The bigger question is how will the Secondary Market react to TRID 2.0? Will investors be concerned about liability, and whether consumers have a private right of action for errors arising during this 2017 TRID phase-in window? “This will remain an unknown, to be addressed on a case-by-case basis as issues are identified. While the CFPB has stated that its “clarifications” are not retroactive, what will become of pre-existing TRID errors that, had they occurred after TRID 2.0’s effective date, would not be TRID errors?” answered Levonick.
“In the meantime, we all continue to work through the new rule, hopeful that, in the long run, its clarifications will reduce confusion, lead to fewer errors in origination, and increase secondary market pull through on loan acquisitions,” he added.

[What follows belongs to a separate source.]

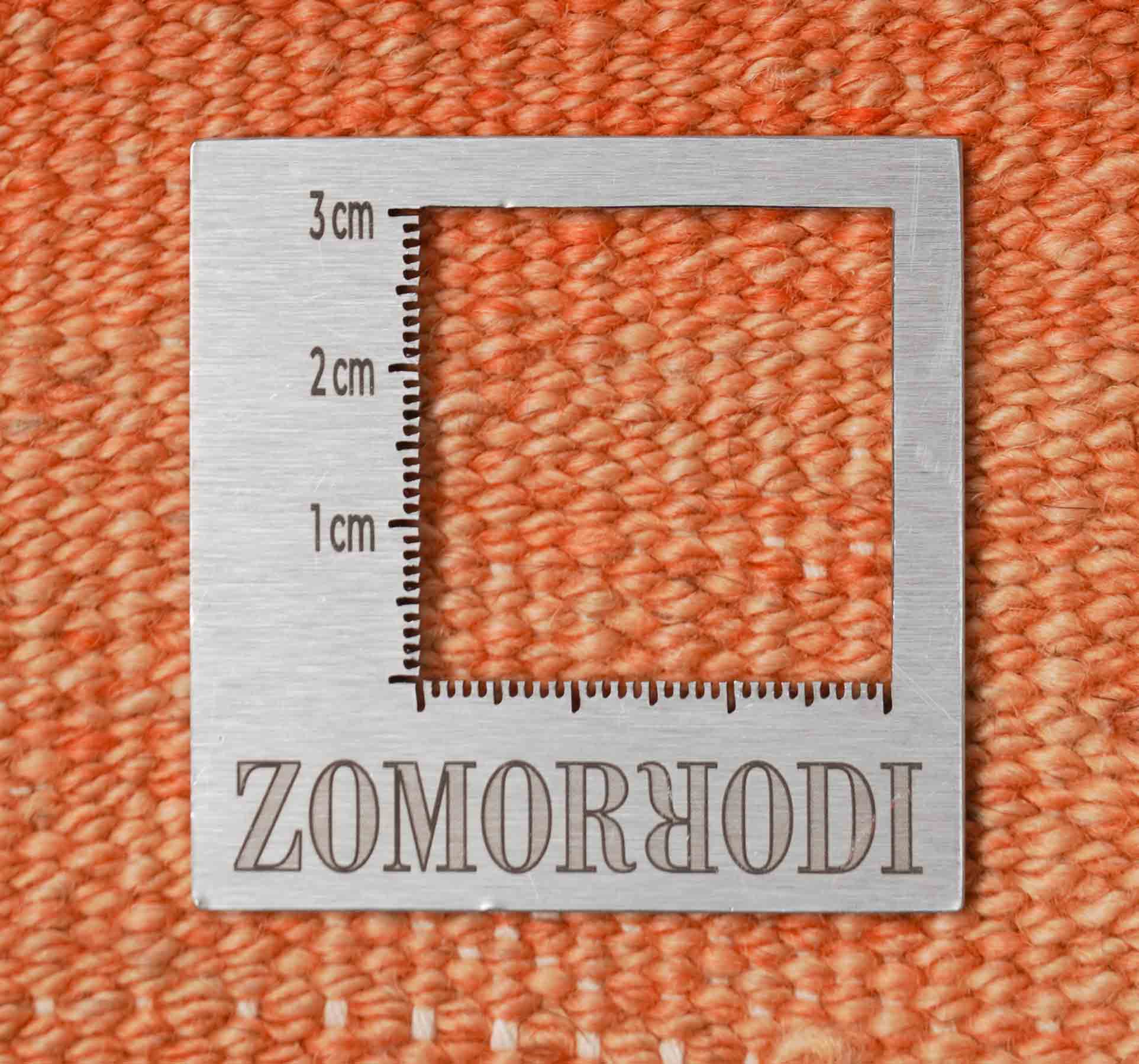 Die Oberfläche dieses Kelims wirkt meliert. Die Farbtonänderungen und Hell-Dunkel-Schattierungen des Florgarns lassen die Farben schimmern und machen den Teppich unempfindlich gegenüber Verschmutzungen. Der Teppich wirkt wegen diesen sogenannten Farbsprünge Abrasch lebendiger. Die Melierung entsteht, weil die Wolle dieses Kelim handgesponnenen wurde. Beim Einfärben werden die natürlichen Farbstoffe unterschiedlich aufgenommen.

Cremata agrees that TRID 2.0 has some flaws. “It’s disappointing (although not surprising) that the Bureau refused to address simultaneous issue rates, additional cure mechanisms, or the so-called “black hole” (although the black hole is the subject of a new proposal, released at the same time as the final rule, on which the Bureau is currently seeking comments).
“Overall, the finalization of TRID 2.0 represents a significant positive development for the industry. Although it fails (or declines) to resolve several of what have been the industry’s biggest pain points with TRID, it nonetheless introduces a number of much-needed clarifications and amendments, and is unquestionably a step in the right direction by the Bureau,” he concluded.